Il male è dentro di lui. Certe volte
si rigira dentro al suo letto svegliandosi nel sonno d’improvviso, ed
immaginando come una specie di occhio elettronico capace di vedere dappertutto,
si ritrova ad indagare a fondo tra i suoi organi, le sue viscere, la sua anima
stessa. Poi si riaddormenta. Lo sa, ne è pienamente cosciente, che tutto dovrà
precipitare un giorno tra questi, eppure continua a cercare un segno che mostri
il principio, l’accenno, l’inizio, dell’inevitabile conseguente. “Non mi
interessa”, dice a se stesso quando si guarda dentro lo specchio, e comprende
che i suoi lineamenti, la sua espressione, i dettagli della sua faccia, non
hanno alcun valore in confronto a tutto il resto e soprattutto al suo pensiero,
in grado questo di articolare a comando qualsiasi forma, mossa, atteggiamento,
anche in uno scenario già complesso.

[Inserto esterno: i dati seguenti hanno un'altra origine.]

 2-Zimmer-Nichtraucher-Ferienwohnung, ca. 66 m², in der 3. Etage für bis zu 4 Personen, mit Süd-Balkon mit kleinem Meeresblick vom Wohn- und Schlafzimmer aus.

Le persone pagano per vederlo sofferente
sopra al palco, e lui articola le proprie parole in una composizione ogni volta
sempre nuova, all’interno di un canovaccio pretestuoso in cui spesso si
divincola.
Conosce perfettamente i meccanismi
di immedesimazione che si compiono di fronte a lui, e lui sa suscitarne sempre
di nuovi quando è il momento adatto, fino a piegare i suoi argomenti verso
quella sgradevolezza che d’improvviso pare quasi annullare tutto il resto.

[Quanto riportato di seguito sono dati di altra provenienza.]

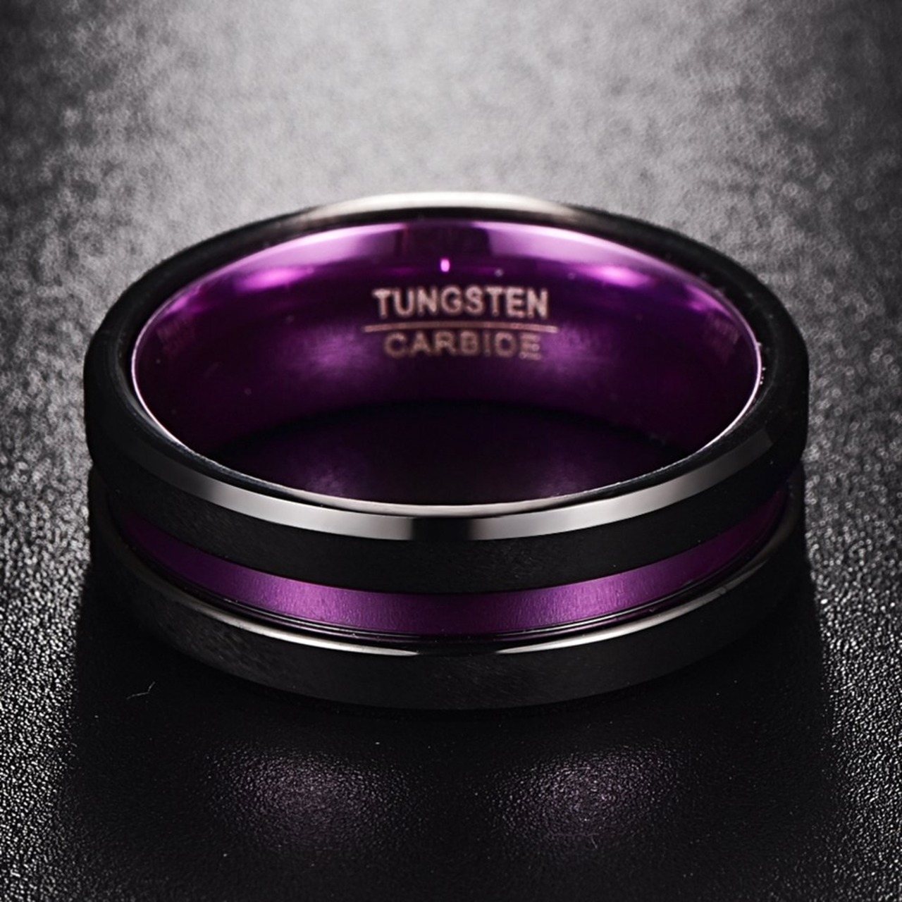 【在庫セール】[Nuncad(ヌンカド)] メンズリング 指輪 タングステン シンプル つや消し 平打ち 色落ちしない メンズジュエリー 幅:8mm ブラック パープル 26号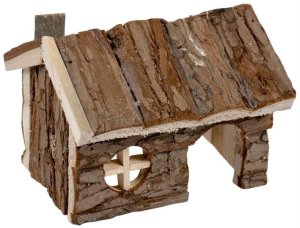 Domeček z měkkého dřeva s rovnou střechou pro křečky, křečíky, myši a jiné malé hlodavce.

Eppure tutto è sorretto da un filo sottile, ed ogni cosa dovrà pur abbandonarlo
un giorno o l’altro, perché sa benissimo il tormento a cui sarà chiamato a
tener testa. E’ vero, tutti hanno un male oscuro che li agita, ma lui riesce
semplicemente, con pochi gesti e certe rare espressioni, a ricordarlo proprio a
tutti quanti. Dovrà smettere, questo è il punto, perché adesso è arrivato
proprio là dove desiderava, e non può proseguire a moltiplicare se stesso di
fronte al pubblico. Odia replicare, ed anche il trasformismo, se anche fosse da
prendere in considerazione, non fa parte della sua personalità.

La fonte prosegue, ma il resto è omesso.